While the pandemic flu shoe didn’t drop this year, influenza still left a pretty big foot print.

Comments

  1. #1 Greg
    June 30, 2008

    Do you have a reference for the partial effectiveness of the vaccine for A viruses despite being a mismatch? I’d be interested to read it, especially since I’ve been trying to convince family and friends to get the vaccine partially on the basis of that sort of benefit.

  2. #2 revere
    June 30, 2008

    Greg: Summary here, but if you Google (CDC Marshfield Clinic vaccine) you’ll find links. In CDC’s MMWR of April 18, 2008.

  3. #3 anon
    June 30, 2008

    why is there so few flu in Britain since 2000 ?

  4. #4 Dylan
    July 1, 2008

    I suspect that you’re not going to like this, much, Revere: (and neither do I, really); and please forgive the terrible thread drift; but just the same, I’m afraid that we are just about in the same position (collectively), with respect to our knowledge of how exactly influenza functions — in all of its myriad, manifest, mystical ramifications — as we are with respect to the nature of the Higgs boson, in physics; its mediation between the states that we recognize as electromagnetic energy, and that imponderable “thing” that we recognize as “mass.” The Higgs boson is probably — at least in part — the solution to the problem of integrating the in-fractious Quantum Theory, with the so far irreconcilable (and profoundly sophisticated, and elegant, and remarkably beautiful Relativity theories of Einstein). A “troubling, inscrutable, incalculable, entirely theoretical particle;” seemingly parts the waters that separate the vast continents that divide the seemingly irreconcilable space, where the speed of light coalesces into “common matter.” It is the common denominator of “empty space;” as though there ever was such an entity. It is the “mystery,” and the “stuff” of the vacuum. Beyond the bounds of infinity. Perhaps beyond Eternity. Certainly beyond knowing.

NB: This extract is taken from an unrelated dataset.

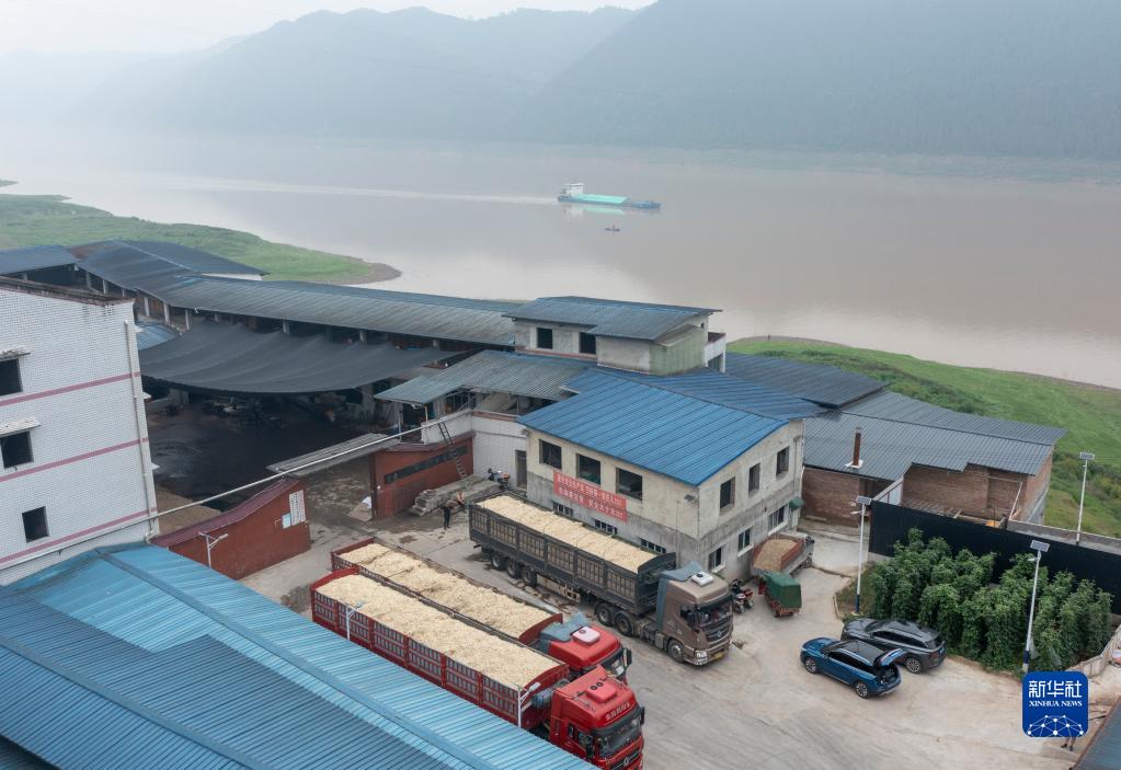 6月8日,在豐都藠頭出口龍頭企業(yè)重慶豐都明富實(shí)業(yè)有限公司的生產(chǎn)作業(yè)區,三輛滿(mǎn)載著(zhù)新鮮藠頭的貨車(chē)等待卸貨 (無(wú)人機照片) 。

    Influenza, I suspect, has its own “Higgs bosons;” we cannot find them, because we simply do not know where, or how, to search for them. Influenza is neither “good,” nor “bad,” as Nature sees it. But it does things. And only our collective hubris comforts us into believing that we know either how, or why, or what, or even when.

    I believe that you are troubled because you perceive what you believe to be a colossal storm on the horizon. You know that many of us share your concern. This “community” has done all that it can, with what it has at its disposal (meager, at best); and we have done it openly, candidly, and in full knowledge of the ridicule that we were likely to be subjected to. We went ahead, anyway. We still plod on. Because we still perceive — clearly — the vast magnitude of the unmitigated danger.

    We are not there, yet; but the sense is, even among the myriad Governments, now, that it is closing in. When communication crumbles, and shuts down, to protect paltry territory, that is never a good sign. And it is cropping up all over. The pandemic (perhaps the one to end all pandemics), does not require our assistance; but it is getting a shit load of it, all the same. I am totally convinced that we deserve much of the credit (such as it is) for arousing, and focusing, many of the otherwise perpetually somnolent, moribund Governments, on the nature and immediacy of this approaching catastrophe

    I will not stop until the “Beast” is dead. It is dreadful, hideous, and powerful beyond belief. I have met it, and it does not surrender meekly. The battle was epic. And nearly cost me my life. And that is what is in our future. And that confrontation is very likely in our most immediate future.

  5. #5 Influenza
    July 1, 2008

    Influenza virus is a deadly lethal weapon which moves on slowly at initial stage but on prolonged time in our body, its causes serious effects. Si i favor for the complete eradication of this influenza virus.